Freedmen's Bureau Assistant Superintendent at Liberty, Virginia, to the Freedmen's Bureau Superintendent of the 7th District of Virginia, Enclosing a Letter from a Virginia Former Slaveholder to the Assistant Superintendent

Liberty Va  July 19th 1866

Captain–  I have the honor to transmit the following, for instructions,–  Late last evening W. K. Lowery sent to my office Three invalid freedmen by a colored man in his employ, with the enclosed sluring note, which will explain itself,  one of them is unable to walk a step, and the other two can merely move about.  Mr Lowery instructed the colored man, if I did not take them, to unload them at Piedmount on the road-side, and leave them, which is about one mile from this place, whare they are now laying.  The Superintendent of the Poor-house will not receive them on my order, and consequently it is impossible for me to provide quarters for them.  Mr Lowery is an overseer of poor of this district himself, and he would have the authority to sent them there, But instead of doing that. he had them brought to me, as above stated   I ordered the man to take them back to Mr Lowery but as he was ordered by him to leave them on the road he done so.  Mr Lowery has been informed of the endorsement of Gen– Brown May 10th 1866. which states that he should apply to the oversser of the Poor, to have the infirm freedmen cared for.1 But he seems to think that the Poor house is not the place for them, and told them that they should not go there.
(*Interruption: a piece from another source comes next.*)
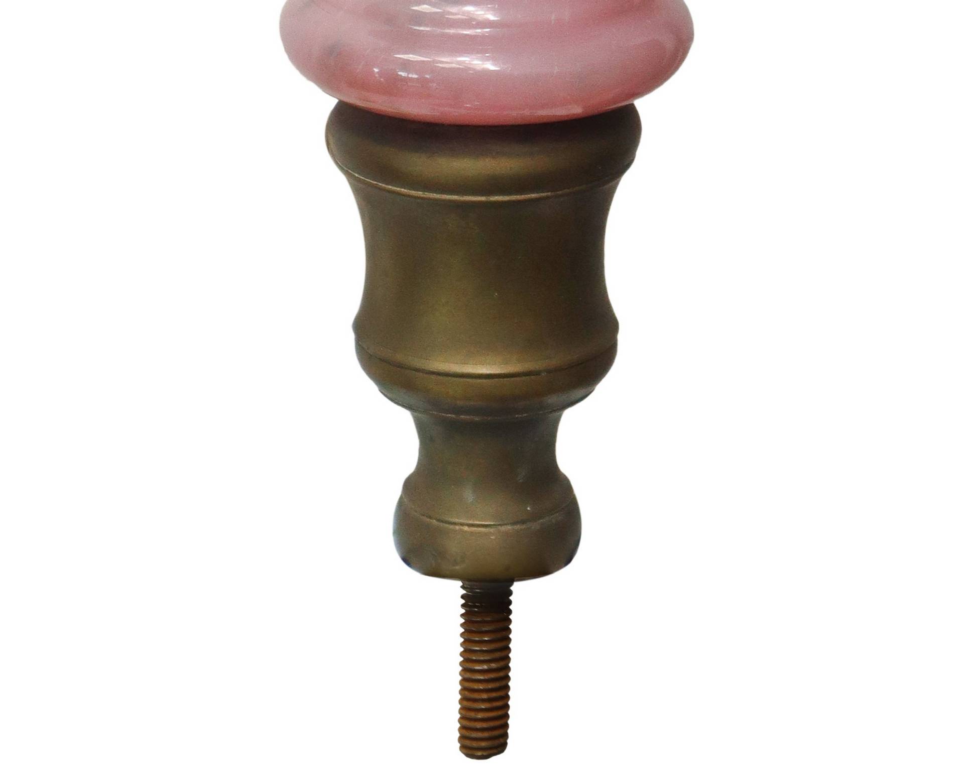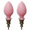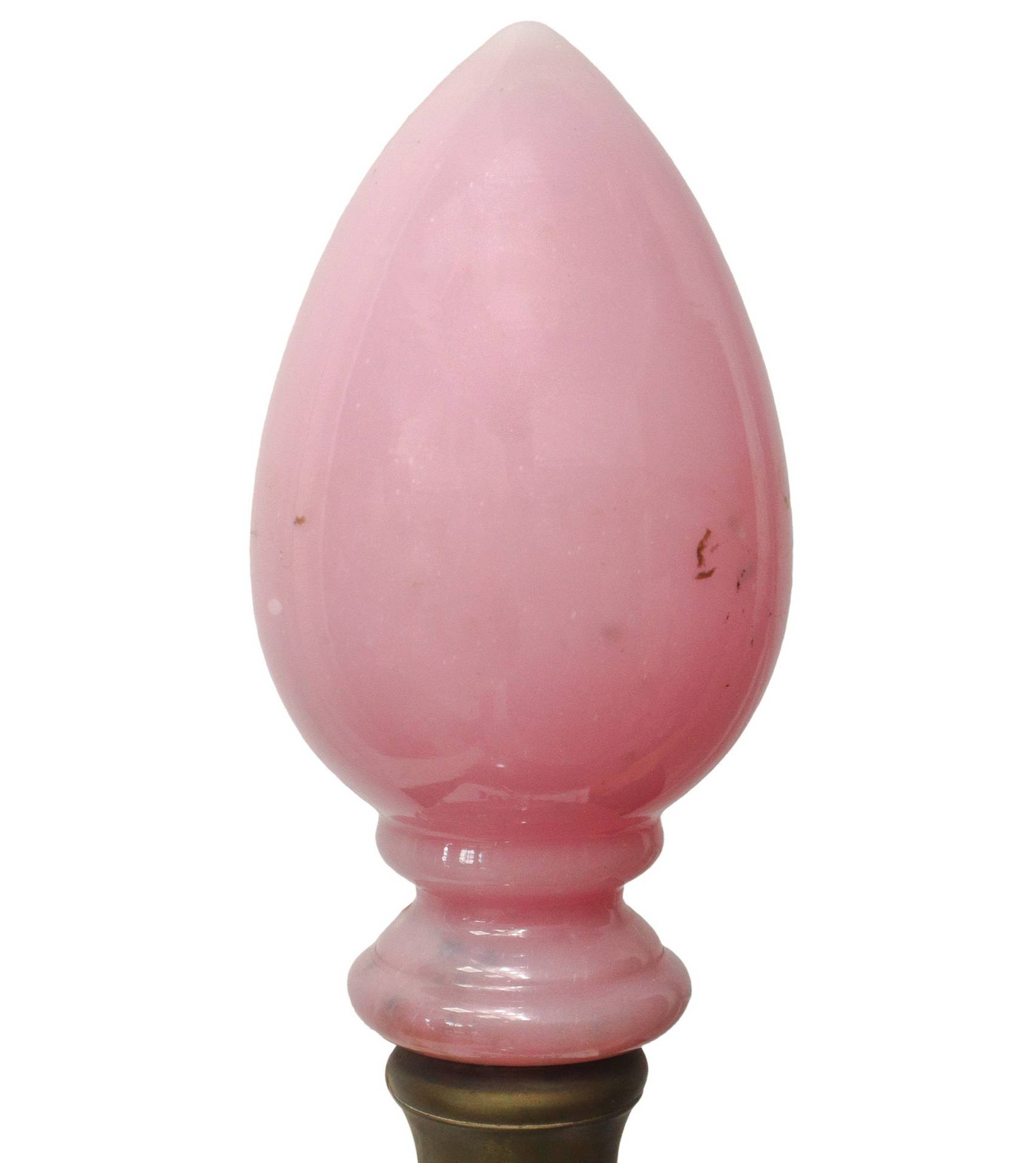 Coppia di pomoli in vetro di Murano di forma oblunga colore rosa, fine 19° secolo H cm 25x8,5 Decorazioni dorate sbiadi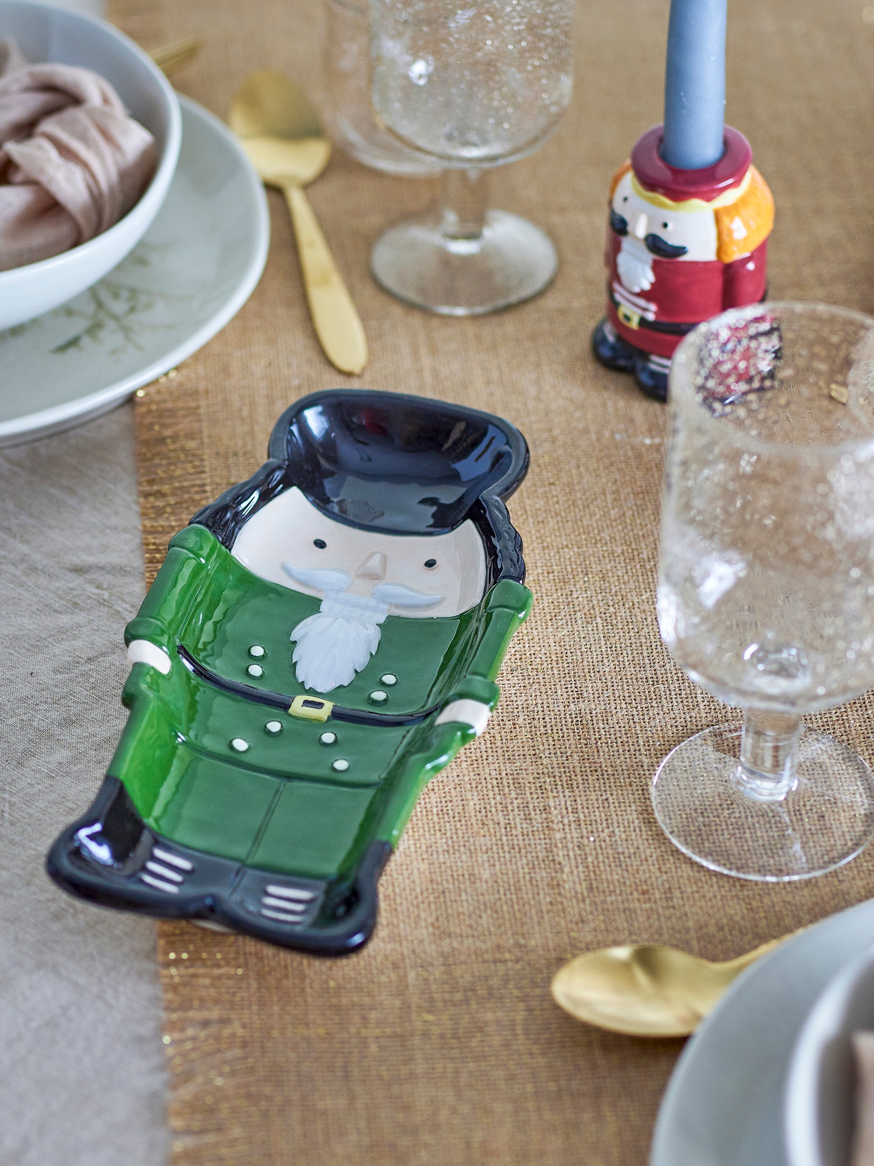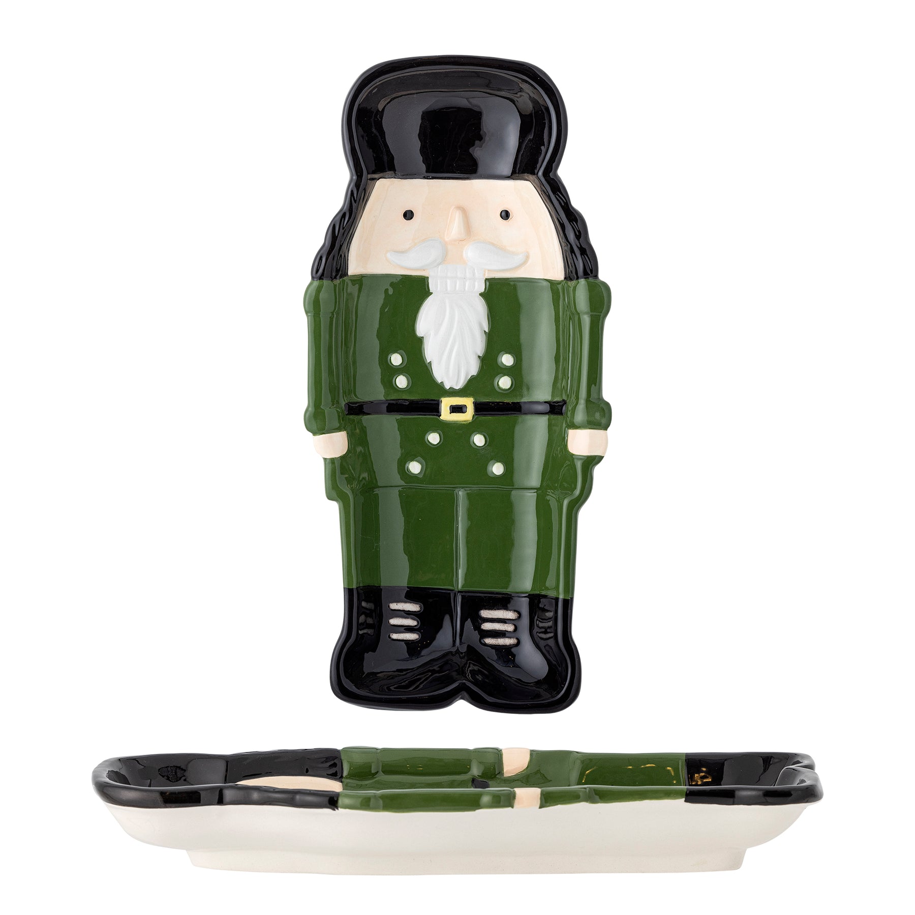 Mit großer Sorgfalt von Hand bemalt, hebt es die ikonischen Details des Nussknackers von seinem charakteristischen Hut bis zu den glänzenden Knöpfen an seiner Jacke hervor. Die lebendige grüne und schwarze Glasur verleiht dem Tablett einen modernen Touch, während es der traditionellen Weihnachtspalette treu bleibt. Da das Tablett handbemalt ist, können Variationen in den Farben und der Farbintensität auftreten.

That the Freedmens Bureau was the place for them.

This case should have immediate attention, as they are in a bad condition. No shelter, except what I had put up for them this morning, of their Beding &c, which will not protect them from rain or the sun   I am Very Respectfully Your Obt Servt

B F Shaum


Bedford Co Va  July 18th 1866

Sir   As you have been appointed Agent of the Freedman's Bureau by the Government of the U. States, whose duty it is, and I have no doubt, pleasure also, to look after the interest of the Freedman, to furnish rations to the destitute, and by a necessary and implied consequence, quarters also; I hereby turn over to you, as their proper and legitimate Custodian, three Freedmen who are proper objects of your Care and Solicitude, all being invalids.  I have kept these Freedmen since the 9th of April 1865 at my own expense, (as well as all time before), with the exception of a few rations furnished by the Bureau which were so indifferent that they could not be used,  Not being able, as well as not inclined to keep them any longer from the proper authorities, I now positively turn them over to you as their peculiar protector   Respectfully

W K. Lowry

Bvt Capt B F Shaum to R S Lacey, 19 July 1866, enclosing W K. Lowry to The Agent of the Freedman's Bureau, 18 July 1866, filed as L-186 1866, Registered Letters Received, series 3798, VA Assistant Commissioner, Bureau of Refugees, Freedmen, & Abandoned Lands, Record Group 105, National Archives. Captain Shaum signed as an officer in the Veteran Reserve Corps and identified his jurisdiction as “Sub Dist No 6.” By an endorsement of July 29, the district superintendent, Captain Robert S. Lacey, forwarded Shaum's letter and its enclosure to the headquarters of the bureau's assistant commissioner for Virginia, requesting transportation for the three freedpeople to Lynchburg, Virginia, where “[t]hey can be properly cared for.” “Is there any provision now by which this impudent citizen can be compelled to reimburse the government for maintaining these freedpeople[?]” Lacey asked. “As an overseer of the poor his conduct is entirely without excuse.” No response to that query has been found in the assistant commissioner's letters-sent volumes, but the following scrawled notations appear beneath Lacey's endorsement: “Does this county tax freedmen” and “Give transporton and lie on the tabl.”

1. The endorsement had been written by an adjutant of General Orlando Brown, the bureau's assistant commissioner for Virginia, on a letter from Lowry reporting three infirm freedpeople on his plantation whom he was unable to support any longer; the letter had initially been referred to the district superintendent, who warned that “[i]f the Bureau takes charge of these persons precedent is made for each planter to turn off his helpless.” (Summary of letter by W. K. Lowry, 3 Apr. 1866, vol. 2, p. 284, Registers of Letters Received, series 3796, VA Assistant Commissioner, Bureau of Refugees, Freedmen, & Abandoned Lands, Record Group 105, National Archives; endorsement by Capt. R. S. Lacy, 7 May 1866, and endorsement by Bvt Maj James A. Bates, 10 May 1866, vol. 25, pp. 109–10, Endorsements Sent, series 3795, VA Assistant Commissioner, Bureau of Refugees, Freedmen, & Abandoned Lands, Record Group 105, National Archives.)

Published in Land and Labor, 1866–1867, pp. 766–68.